Both Collier and I found that the novel, though long, was a quick read. Just this week I read around 100 pages a day, each afternoon sitting by my fireplace with my cat Floyd on my lap. Collier explained why the book can fly by: “there’s quite a bit a dialogue and before you know it you’ve read 100 pages.”

Initially, I chose the book for three reasons. One, I heard that the recent movie adaptation was worth watching, and felt obligated to read the novel first. Two, I had never read the book and feel a pull to read the classics. Finally, it has been floated as a possible High School musical multiple times, and I wanted familiarity with the source material.

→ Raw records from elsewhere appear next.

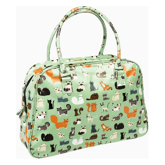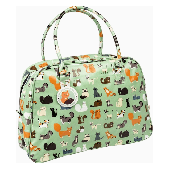 A weekend bag with illustrations of cats from our Nine Lives design.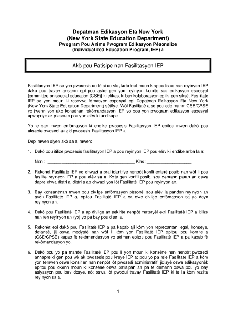 Educators, school administrators, and parents of students who require IEP services in Haitian Creole may be required to file for IEP facilitation.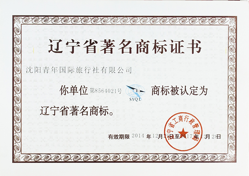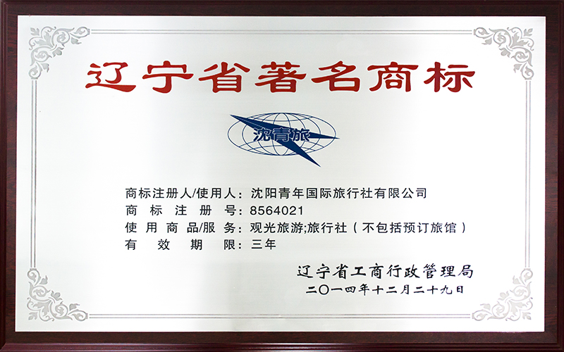 近日,我社成功獲得《遼寧省著名商標證書》,沈陽青年國際旅行社有限公司商標被認定為遼寧省著名商標。

This weekend, if my wife consents, I plan to watch the 2019 adaptation, written by Greta Gerwig, starring Emma Watson, Saoirise Ronan, Florence Pugh, and Eliza Scanlon. What an impressive list of talented women! This is the 7th film adaptation, and like its predecessors it received positive reviews, netting 6 Academy Award nominations, including Best Picture. 

The March sisters on a picnic
Little Women (2019)- Empire.com

After reading the novel, I am left with the open question: Who is the ideal audience in 2020? The novel is definitely neither a children’s novel, nor an adult romance. It fits the bill of Young Adult, but it is far more challenging in vocabulary, length, and style than our modern YA novels. 

My thought is that it would be a strong choice for a parent and a teen to read at the same time. It is a novel of young adulthood, mixed with the innocence of childhood and the sometimes heavy realities of adulthood. 

Collier weighed in on the question; she believes it is for “someone who isn’t intimidated by the length, and someone who just wants a wholesome read.” 

She went on, and encapsulated the charm of the novel: “It’s inspiring in how pure and innocent the love is between the sisters, their parents, and their neighbors.  It makes readers wish we could return to these simpler times when people focused on making sure they were the best versions of themselves.”

As I turn to the movie, and to whatever novel I challenge myself with next, I know that Little Women, filled with my excited annotations, will rest on my shelf, waiting for the next reader to marvel at the March girls.